Tudo começa com a tal turma finalista e o professor louco, que, ao longo de aulas semanais, vai correndo o musical, à medida do que os alunos vão conseguindo absorver a cada aula, cada pontapé, nas que pareciam línguas, não só estrangeiras, mas extraterrestres a dadas alturas - o inglês e a música - o que contribuiu para que a loucura a par com a diversão e a evolução fosse aumentando, exponencialmente. De repente, o professor louco pergunta: "E se apresentássemos isto? [palavras chave] Apetece-vos? Seria divertido?"
As sementinhas começaram a germinar, umas mais depressa que outras, como em qualquer horta sustentável, e depressa havia uma aluna a contactar músicos, uma associação de estudantes, amigos de amigos que tocam e operam som; outra aluna a fazer listas de material necessário, a falar com as já mencionadas mestras figurinistas; outro aluno a encenar os outros todos com a força e a amizade que só os amigos conseguem.
De uma semana para a outra, o que era uma aula, transforma-se numa semana de ensaios intensivos em cima de aulas e trabalhos que têm que ser entregues se queremos o canudo. Noutro dia, temos um baterista alucinado, um baixo atordoado, cantores cansados, um professor à beira de um ataque de nervos… enfim, uma loucura, mas todos inspirados. (No meio disto tudo há outra louca a fazer uma reportagem e vídeo… Meu Deus…)
Trabalhámos para aquilo, todos, estamos cansados, todos, queremos fazer aquilo, todos, vai ser incrível, TUDO!

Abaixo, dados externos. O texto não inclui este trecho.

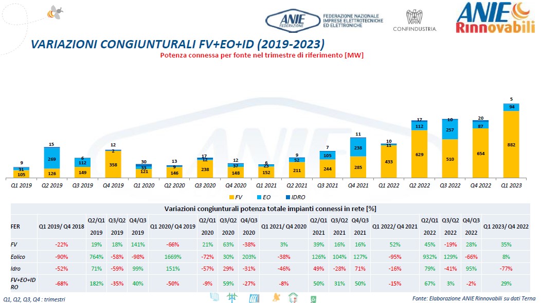 Dal confronto del 1° trimestre del 2023 (Q1 2023) con il 4° trimestre del 2022 (Q4 2022) emerge che il fotovoltaico nel Q1 2023 ha conseguito un incremento del +35% rispetto al Q4 2022, l’eolico un incremento del +8%, mentre l’idroelettrico un decremento del -77%. Complessivamente nel Q1 2023 le FER raggiungono un risultato positivo del +29%.

Cinco membros de uma tribo vão fazer uma espera ao público à porta, fazem o típico aviso dos telemóveis desligados ou sem som (mas não o da não captação de imagem, nós queremos é que haja registo disto tudo!).
O público senta-se, vê um grupo de pessoas vestidas de preto, algo de andrógeno em cena, com muitas botas, meias de rede e eyeliner, e pode ler este brilhante texto que o meu querido Simão Collares fez questão de escrever na folha de sala:
Na aldeia ESMAE vive uma tribo Punk pós-cortes orçamentais
habitam o café-concerto Francisco Beja como sua casa por direito
músicos, atores, empregadas do bar, da limpeza, técnicos de som e luz,
designers, figurinistas, cenógrafos, compositores, professores, gerentes de serviços
audiovisuais, serviços académicos, presidentes de toda a espécie associações legais ou clandestinas
coletivos artísticos ou de amor
pessoas que ainda se encontram neste espaço para criar alguma coisa no cigarro pós-laboral do intervalo curto entre ensaios
e trabalhos
inacabáveis inacabados
por investigar
por ler
por fazer
por cometer
o crime de transgredir a F.U.C. (you) e ir além do que se espera
do que se planeia
ir além dos cortes orçamentais e ser verdadeiramente pós-pensamentos derrotistas
esta aldeia não se faz de quem se verga
esta tribo não representa os lambe-botas que a tentam anular
sim a linguagem é violenta porque o motivo é nosso e apropriados apropriamo-nos disto
do livro sagrado
dádiva do céu
que nos une além de fronteiras imaginárias nos corredores além de faltas disto ou daquilo
unos para provar a esta aldeia o quão fértil é o seu solo quando todos o cultivam
Dá-se um espetáculo de uma hora e quarenta e quatro minutos de música, canto, dança, teatro, calor, suor, maquilhagem que escorre e arde nos olhos, lágrimas de dor e de emoção, nos atores, nos músicos, nas figurinistas, nos técnicos de luz, som e no público, e no fim, um estrondo de alegria como ainda poucas vezes senti.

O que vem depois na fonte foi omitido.